U.S. DEPARTMENT OF THE INTERIOR
BUREAU OF LAND MANAGEMENT NEWS RELEASE
Nevada State Office
|Release Date: 07/20/10|
|News Release No. 2010-029|
BLM Schedules Observation Days to View Tuscarora Wild Horse Gather
Reno, Nev.— The Bureau of Land Management (BLM) Elko District has tentatively scheduled two observation days—Friday, July 23 and Saturday, July 24—to provide the media and public opportunities to view ongoing BLM gather activities to remove excess wild horses in the Tuscarora gather area in Elko County, about 90 miles northwest of Elko, Nev.
The dates are subject to change depending upon weather and gather operations. These will be the only two observation days offered for this gather based on gather site location accessibility and private and public landownership.
The BLM will rendezvous with interested members of the public in Midas, Nev. at 7:00 a.m. and caravan to the gather site, which will be a two-hour drive from Midas. Four-wheel drive, high-clearance vehicles, appropriate shoes and clothing are recommended. The observation days will last approximately four to five hours, leaving the gather site between 1-2 p.m.
Members of the media/public may call Debbie Collins at (866) 468-7826 to sign up. In an effort to provide a safe environment for the animals, BLM staff, contractors and members of the public/media, requests will be accepted on a first come, first served basis and be limited to 10 people per observation day. Also, daily gather operations could be suspended if bad weather conditions create unsafe flying conditions.
The BLM is planning to remove about 1,137-1,197 wild horses located on the Owyhee, Rock Creek and Little Humboldt Herd Management Areas (HMAs), and including about 425 wild horses located outside the Rock Creek HMA.
The BLM estimates there are about 1,550 wild horses in the gather area and any horses gathered above targeted removal numbers will be released back to the HMAs so that the remaining population is within the appropriate management level range of 337-561. The mares released back to the range would be vaccinated with PZP-22 (Porcine Zona Pellucida) fertility control vaccine.
The gather, removal and fertility control are intended to slow population growth, maintain population size within the appropriate management levels and extend the time before another gather to remove excess wild horses would be needed. Additionally, adjustment of sex ratios of the gathered animals to be returned to the HMAs may be made to 60 percent male/40 percent female ratios.

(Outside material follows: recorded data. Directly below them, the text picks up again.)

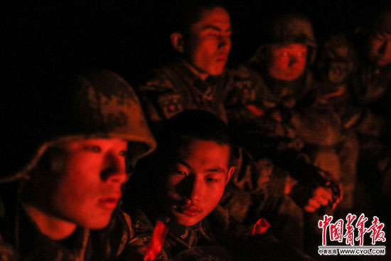 •     夜晚在巡逻路上驻扎,战士们围坐在火边取暖。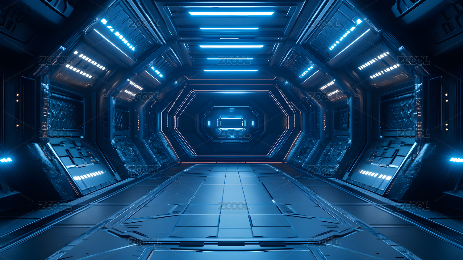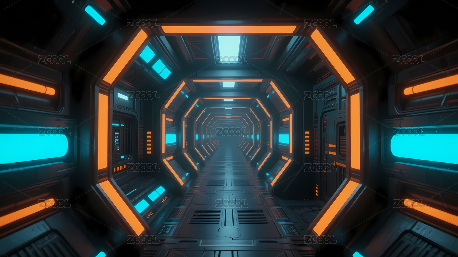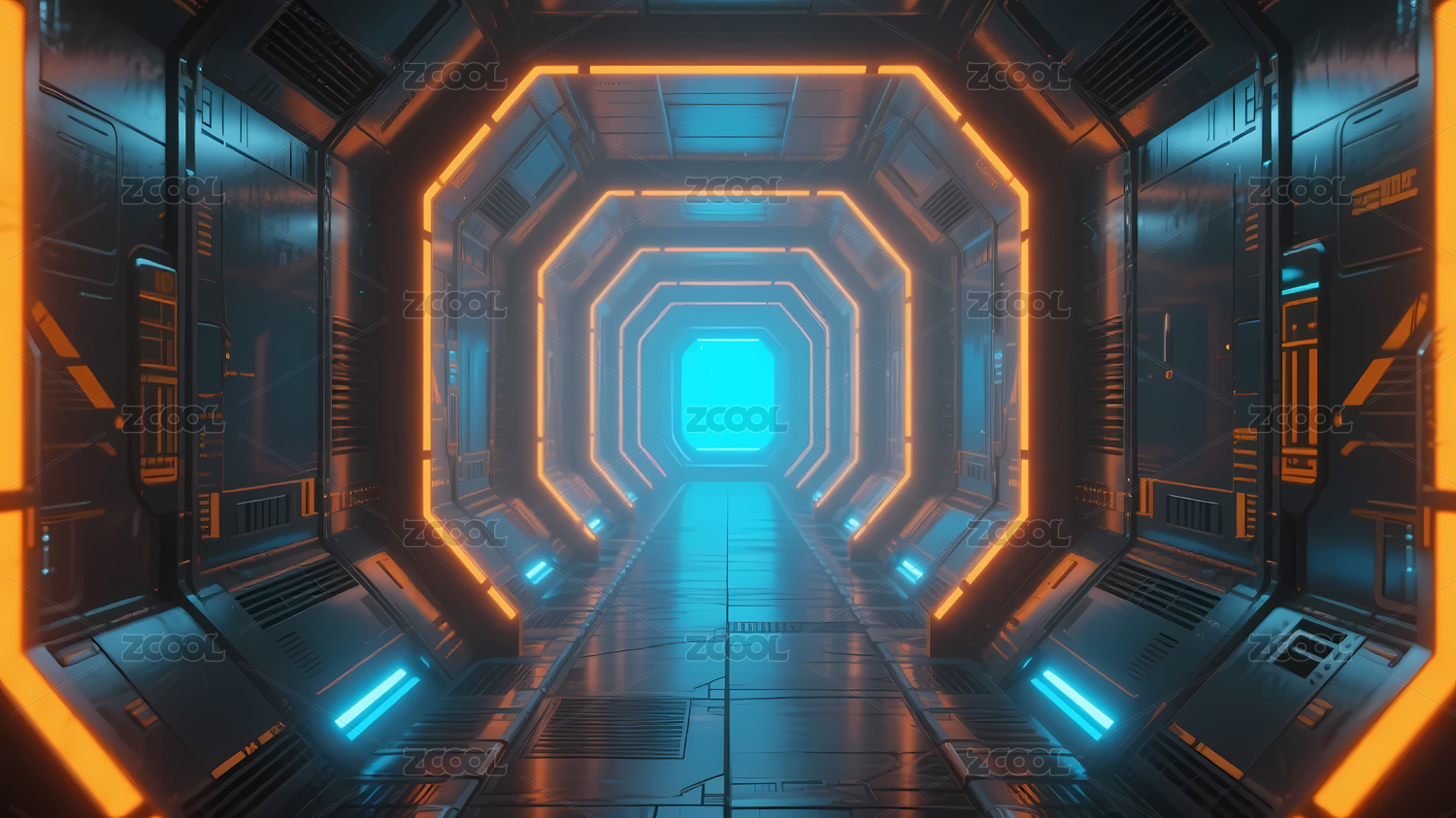 科幻,未来,科技,灯光,隧道,走廊,通道,蓝光,橙光,金属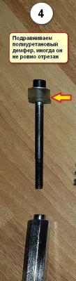 6.Подравниваете полиуретановый демфер (иногда он не ровно отрезан), чистите если нужно от метал. стружки верхнюю часть рулевой стойки, - под демпфером у меня было много  ее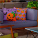 Halloween Purple Background Orange Jack O Lantern Cushion
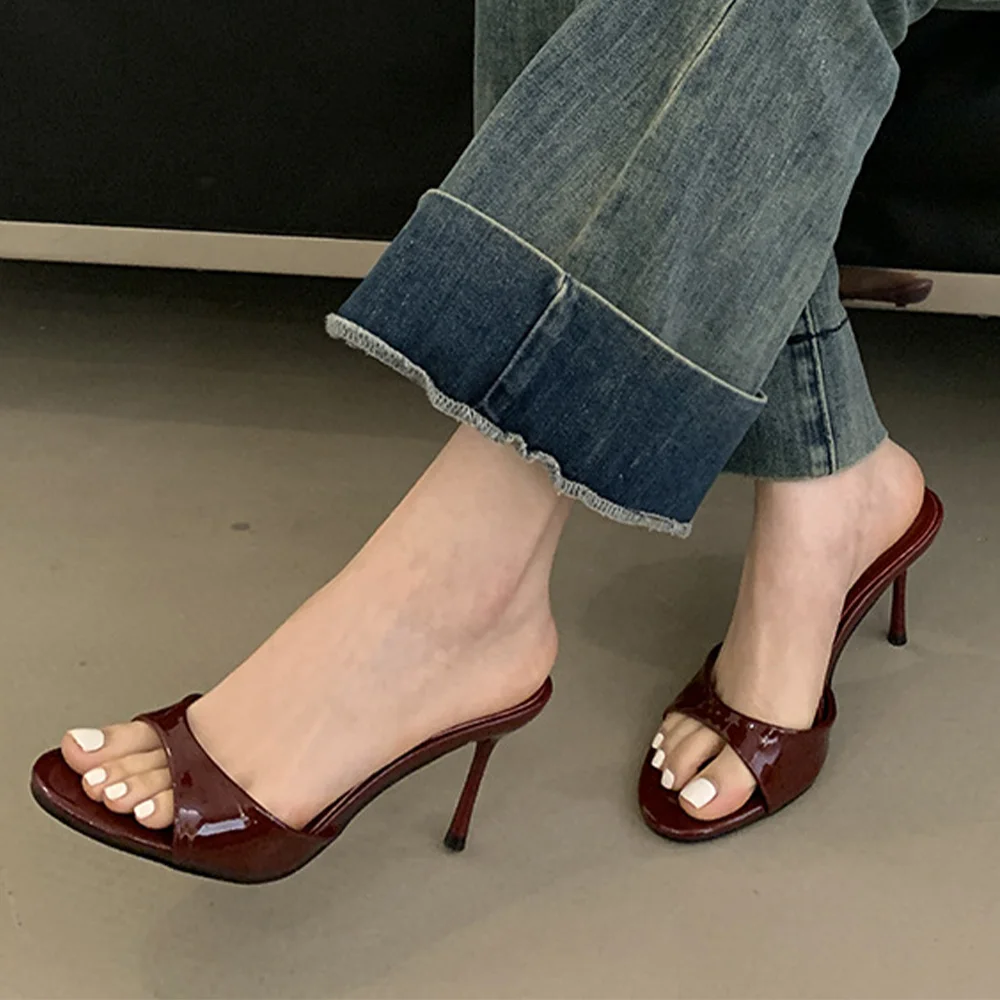 2025 Summer New Fashionable European American Thin High Heeled Sandals Slippers Green Red for Women-8

Gather operations began on July 10 and are expected to continue through late July. To date, 636 excess wild horses have been gathered and 615 transported to the Palomino Valley Center outside Reno, Nev. and Central Utah Correctional Facility in Gunnison, Utah. The public may visit the Palomino Valley Center during its regularly scheduled visiting hours Monday through Friday, 8 a.m. to 4:30 p.m. and Saturday 8 a.m. to noon. At the Gunnison Prison Wild Horse Training Facility, the horses will be paired with inmates who will saddle train them and prepare them for adoption.
For more information, photos and updates on the status of the gather please visit the BLM Nevada website at www.blm.gov/nv/.
The BLM manages more than 245 million acres of public land, the most of any Federal agency. This land, known as the National System of Public Lands, is primarily located in 12 Western states, including Alaska. The BLM also administers 700 million acres of sub-surface mineral estate throughout the nation. In Fiscal Year (FY) 2011, recreational and other activities on BLM-managed land contributed more than $130 billion to the U.S. economy and supported more than 600,000 American jobs. The Bureau is also one of a handful of agencies that collects more revenue than it spends. In FY 2012, nearly $5.7 billion will be generated on lands managed by the BLM, which operates on a $1.1 billion budget. The BLM's multiple-use mission is to sustain the health and productivity of the public lands for the use and enjoyment of present and future generations. The Bureau accomplishes this by managing such activities as outdoor recreation, livestock grazing, mineral development, and energy production, and by conserving natural, historical, cultural, and other resources on public lands.